IDP architecture layer

Most production IDPs running on Kubernetes share a common set of building blocks:

Developer Portal and Service Catalog

Backstage remains the dominant choice for internal developer portals in 2026. It now has more than 3,400 adopters, including Airbnb, LEGO, HCA Healthcare, and Toyota North America, and ranks among the highest-velocity projects in the CNCF (CNCF 2025 Annual Survey). It provides a software catalog, TechDocs integration, and a plugin ecosystem that surfaces the IDP’s capabilities (e.g., golden path templates, scaffolding, and operational dashboards) through a unified UI.

GitOps Engine

GitOps is the deployment model of choice for Kubernetes-based IDPs. Argo CD or Flux CD reconcile cluster state against Git as the source of truth, providing a full audit trail and enabling developers to trigger deployments through pull requests rather than CLI commands or Slack messages.

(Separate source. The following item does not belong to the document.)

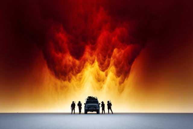In a world seemingly touched by the brushstrokes of an apocalyptic fervor, a canvas emerges to challenge the viewer's imagination and evoke profound emotions. Dominated by a fiery skyline that bleeds into a haunting red, the artwork depicts a gritty ensemble of figures and a robust vehicle poised in defiance against an incendiary backdrop. The sanguine clouds swirl into the sky in a dance that blurs the lines between reality and fantasy, symbolizing turmoil and resistance in the face of overwhelming odds. This evocative scene captures the essence of human resilience, standing steadfast amidst chaos, a theme that resonates deeply in the human spirit.
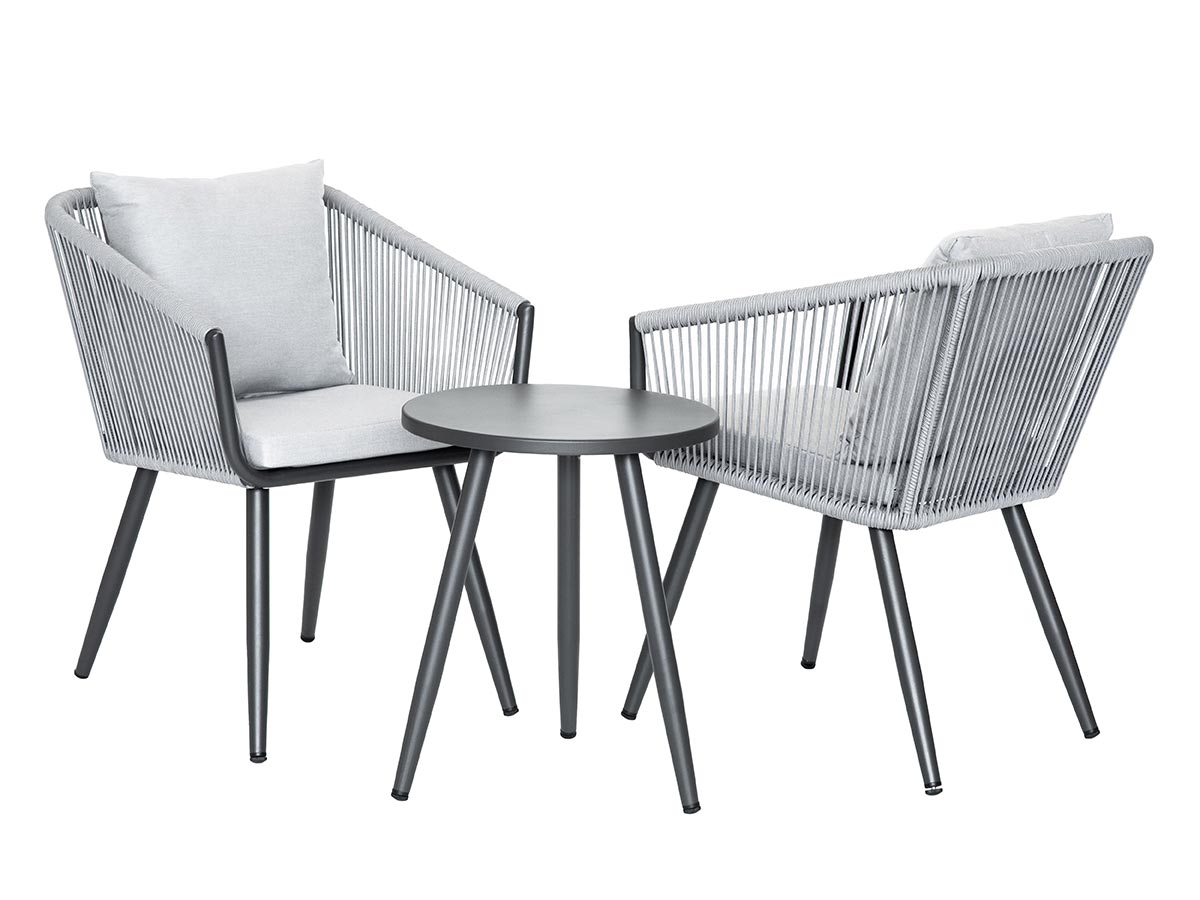 Le salon de jardin 2 personnes Amorgos se compose de deux fauteuils avec des cordes et d'une petite table ronde en aluminium. Ses coloris gris, noirs et ses coussins gris chiné apporteront résolument une touche raffinée à votre déco extérieure.

This model is foundational for IDPs because it encodes the approval and deployment workflow into version-controlled artifacts (YAML manifests, Helm values, or Kustomize overlays) that the platform team can gate with policy.

Infrastructure Provisioning Layer

Crossplane has emerged as the standard approach for provisioning cloud infrastructure, such as RDS instances, S3 buckets, and managed Kafka clusters directly through Kubernetes APIs. A platform team defines composite resource definitions (XRDs) that expose a simplified interface to developers while handling the underlying provider-specific complexity.

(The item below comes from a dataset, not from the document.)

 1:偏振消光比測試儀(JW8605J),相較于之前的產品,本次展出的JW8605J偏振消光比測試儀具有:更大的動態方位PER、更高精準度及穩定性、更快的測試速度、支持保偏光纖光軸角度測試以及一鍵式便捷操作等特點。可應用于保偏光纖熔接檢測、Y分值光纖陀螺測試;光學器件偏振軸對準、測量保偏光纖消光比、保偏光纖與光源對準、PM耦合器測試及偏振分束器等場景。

Terraform-based approaches remain common, particularly in organizations with large existing Infrastructure as Code (IaC) estates, often surfaced through Atlantis or integrated into GitOps pipelines.

Policy and RBAC

Open Policy Agent (OPA) / Gatekeeper or Kyverno enforce guardrails at admission time. This is how the platform team ensures that every workload that touches the cluster meets baseline requirements: resource limits set, container images from approved registries, required labels present, security contexts enforced.

Secrets Management

Secrets should never live in Git. The standard pattern integrates Vault (or a cloud-provider equivalent) with the External Secrets Operator to sync secrets into Kubernetes namespaces at runtime. Developers declare what secrets their application needs; the platform handles provisioning and rotation.

Observability Stack

A built-in observability stack, typically Prometheus, Grafana, and an OpenTelemetry collector, is provisioned automatically as part of any golden path. Developers get metrics, dashboards, and alerting without having to configure them. The platform team owns the retention policies and alert routing.

Persistent Storage Layer

This is where most IDPs have a gap, and where significant operational complexity lives. More on this below.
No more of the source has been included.